Тем не менее, результаты этого документа могут быть не универсально применимы, и это может быть в некоторой степени зависит от сцены, какой метод выборки лучше. Я написал сообщение в блоге, исследуя этот вопроснезависимо, в 2014 году, используя синтетическую «функцию изображения», а не полную визуализацию, и нашел способ 1 для получения более визуально приятных результатов благодаря более плавному сглаживанию высококонтрастных краев. Бенедикт Биттерли также прокомментировал этот пост, сообщая о сходной проблеме со своим рендерером (избыточный высокочастотный шум вокруг источников света при использовании метода 2).

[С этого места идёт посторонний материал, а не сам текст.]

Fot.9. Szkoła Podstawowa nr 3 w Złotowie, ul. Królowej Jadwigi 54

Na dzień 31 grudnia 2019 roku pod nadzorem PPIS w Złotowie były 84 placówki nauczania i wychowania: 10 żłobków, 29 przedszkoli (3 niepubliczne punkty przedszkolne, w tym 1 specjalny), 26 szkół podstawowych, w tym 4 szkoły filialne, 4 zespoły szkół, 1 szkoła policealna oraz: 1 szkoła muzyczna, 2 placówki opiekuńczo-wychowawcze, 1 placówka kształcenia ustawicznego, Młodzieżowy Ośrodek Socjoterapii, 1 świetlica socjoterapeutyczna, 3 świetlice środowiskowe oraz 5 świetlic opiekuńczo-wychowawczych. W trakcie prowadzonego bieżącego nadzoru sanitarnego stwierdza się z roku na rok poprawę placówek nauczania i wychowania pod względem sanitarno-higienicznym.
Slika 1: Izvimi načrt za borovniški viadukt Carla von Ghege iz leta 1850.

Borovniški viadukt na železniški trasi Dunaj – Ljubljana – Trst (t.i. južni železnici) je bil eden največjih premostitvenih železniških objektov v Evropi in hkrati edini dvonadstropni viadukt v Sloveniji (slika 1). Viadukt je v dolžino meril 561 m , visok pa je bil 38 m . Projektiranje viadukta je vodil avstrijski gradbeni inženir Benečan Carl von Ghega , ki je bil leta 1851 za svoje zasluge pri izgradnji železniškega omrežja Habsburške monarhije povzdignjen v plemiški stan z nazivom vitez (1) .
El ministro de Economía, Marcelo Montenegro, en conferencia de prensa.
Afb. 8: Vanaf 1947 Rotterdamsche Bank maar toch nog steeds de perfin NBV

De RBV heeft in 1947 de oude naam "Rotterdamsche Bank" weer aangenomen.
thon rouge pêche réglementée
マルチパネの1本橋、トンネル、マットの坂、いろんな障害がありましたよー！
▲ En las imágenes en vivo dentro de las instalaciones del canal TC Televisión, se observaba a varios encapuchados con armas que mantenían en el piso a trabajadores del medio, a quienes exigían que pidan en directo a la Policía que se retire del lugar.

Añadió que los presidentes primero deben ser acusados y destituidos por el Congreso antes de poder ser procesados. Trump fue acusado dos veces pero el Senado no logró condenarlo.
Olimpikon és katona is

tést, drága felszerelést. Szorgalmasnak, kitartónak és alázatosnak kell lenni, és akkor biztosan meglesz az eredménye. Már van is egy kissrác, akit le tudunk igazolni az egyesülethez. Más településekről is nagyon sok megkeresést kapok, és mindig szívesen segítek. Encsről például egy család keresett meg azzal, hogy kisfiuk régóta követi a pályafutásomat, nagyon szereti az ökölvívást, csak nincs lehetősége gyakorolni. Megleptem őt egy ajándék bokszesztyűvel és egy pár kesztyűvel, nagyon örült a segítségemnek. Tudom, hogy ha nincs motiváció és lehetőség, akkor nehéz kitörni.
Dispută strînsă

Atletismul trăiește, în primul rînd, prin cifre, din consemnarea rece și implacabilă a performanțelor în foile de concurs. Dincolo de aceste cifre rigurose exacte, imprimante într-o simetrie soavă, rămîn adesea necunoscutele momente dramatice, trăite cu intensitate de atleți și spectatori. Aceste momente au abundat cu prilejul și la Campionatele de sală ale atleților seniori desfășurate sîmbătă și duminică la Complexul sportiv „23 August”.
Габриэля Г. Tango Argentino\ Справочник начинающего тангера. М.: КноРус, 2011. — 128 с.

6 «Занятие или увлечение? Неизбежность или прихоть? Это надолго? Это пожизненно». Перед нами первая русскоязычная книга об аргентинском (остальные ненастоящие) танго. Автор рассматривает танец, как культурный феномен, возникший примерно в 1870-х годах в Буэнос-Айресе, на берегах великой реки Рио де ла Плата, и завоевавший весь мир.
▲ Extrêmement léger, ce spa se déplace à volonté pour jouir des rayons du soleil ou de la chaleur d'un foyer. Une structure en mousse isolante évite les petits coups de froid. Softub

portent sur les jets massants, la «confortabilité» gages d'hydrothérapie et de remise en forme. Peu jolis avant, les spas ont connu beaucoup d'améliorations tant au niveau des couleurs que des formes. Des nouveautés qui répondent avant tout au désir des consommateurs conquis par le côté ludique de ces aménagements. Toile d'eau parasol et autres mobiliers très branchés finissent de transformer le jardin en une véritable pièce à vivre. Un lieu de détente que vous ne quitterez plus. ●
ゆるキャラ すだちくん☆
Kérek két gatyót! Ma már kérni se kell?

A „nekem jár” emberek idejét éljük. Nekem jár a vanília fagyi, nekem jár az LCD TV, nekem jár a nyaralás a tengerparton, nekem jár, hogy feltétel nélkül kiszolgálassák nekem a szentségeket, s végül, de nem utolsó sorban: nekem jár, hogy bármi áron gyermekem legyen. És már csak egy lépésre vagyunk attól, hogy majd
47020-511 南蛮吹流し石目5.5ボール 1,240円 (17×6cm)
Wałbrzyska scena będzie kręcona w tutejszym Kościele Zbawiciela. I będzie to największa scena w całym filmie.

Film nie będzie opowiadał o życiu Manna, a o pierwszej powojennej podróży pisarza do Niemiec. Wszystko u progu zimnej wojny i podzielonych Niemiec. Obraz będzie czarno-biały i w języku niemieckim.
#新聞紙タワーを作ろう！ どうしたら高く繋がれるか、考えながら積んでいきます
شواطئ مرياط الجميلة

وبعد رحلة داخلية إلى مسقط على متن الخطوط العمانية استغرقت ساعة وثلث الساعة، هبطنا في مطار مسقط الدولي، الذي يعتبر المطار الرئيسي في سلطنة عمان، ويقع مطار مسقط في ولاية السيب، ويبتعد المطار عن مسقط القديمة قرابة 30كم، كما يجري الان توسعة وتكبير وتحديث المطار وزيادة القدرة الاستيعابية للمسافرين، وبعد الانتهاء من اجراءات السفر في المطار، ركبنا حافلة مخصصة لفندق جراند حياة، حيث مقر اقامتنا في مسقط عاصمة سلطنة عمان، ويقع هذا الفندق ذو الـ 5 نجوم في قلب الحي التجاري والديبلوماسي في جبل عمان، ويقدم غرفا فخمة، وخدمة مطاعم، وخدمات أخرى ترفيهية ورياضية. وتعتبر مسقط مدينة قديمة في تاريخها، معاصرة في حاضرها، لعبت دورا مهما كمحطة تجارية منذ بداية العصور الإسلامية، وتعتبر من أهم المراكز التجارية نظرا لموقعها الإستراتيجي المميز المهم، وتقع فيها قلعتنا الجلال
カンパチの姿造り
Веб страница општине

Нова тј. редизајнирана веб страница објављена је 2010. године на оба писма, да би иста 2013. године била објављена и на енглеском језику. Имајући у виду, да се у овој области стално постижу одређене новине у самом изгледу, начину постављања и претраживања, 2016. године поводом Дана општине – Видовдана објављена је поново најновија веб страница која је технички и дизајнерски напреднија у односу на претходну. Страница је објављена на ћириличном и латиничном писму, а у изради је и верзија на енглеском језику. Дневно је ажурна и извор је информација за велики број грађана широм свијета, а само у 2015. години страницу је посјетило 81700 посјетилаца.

Кроме того, я обнаружил, что основное различие между методами заключалось в частоте результирующего шума: метод 2 дает более высокочастотный шум «пиксельного размера», в то время как метод 1 дает «зерна» шума, которые имеют ширину 2-3 пикселя, но амплитуда шума была одинаковой для обоих, поэтому, какой вид шума выглядит менее плохим, вероятно, является вопросом личных предпочтений.


Благодарность! Это большие ресурсы. Итак, в конце концов, есть 3 метода? 1. Генерация и взвешивание с разбрызгиванием 2. Генерация и взвешивание без разбрызгивания 3. Генерация в форме фильтра
RichieSams

Знаете ли вы о каких-либо работах, блогах и т. Д., В которых рассказывается, как распараллелить создание и вес с разбрызгиванием? Вдобавок ко мне, вы можете иметь мьютекс на плитку или сделать каждый пиксель атомарным.
RichieSams

2
@RichieSams Я не знаю, почему вы бы использовали «генерировать и взвешивать без разбрызгивания», на самом деле - кажется, что в любом случае это будет хуже, чем выборка важности фильтра. Я предполагал, что «генерировать и взвешивать» подразумевает разбрызгивание. Что касается распараллеливания сплаттинга, то в верхней части моей головы одним из способов было бы разделить изображение на тайлы, но дать каждой плитке границу размером 2–3 пикселя, чтобы поймать знаки, пересекающие край плитки. Затем в последнем проходе аддитивно соедините граничные плитки вместе в окончательное изображение.
Натан Рид
Используя наш сайт, вы подтверждаете, что прочитали и поняли нашу Политику в отношении файлов cookie и Политику конфиденциальности.
Licensed under cc by-sa 3.0 with attribution required.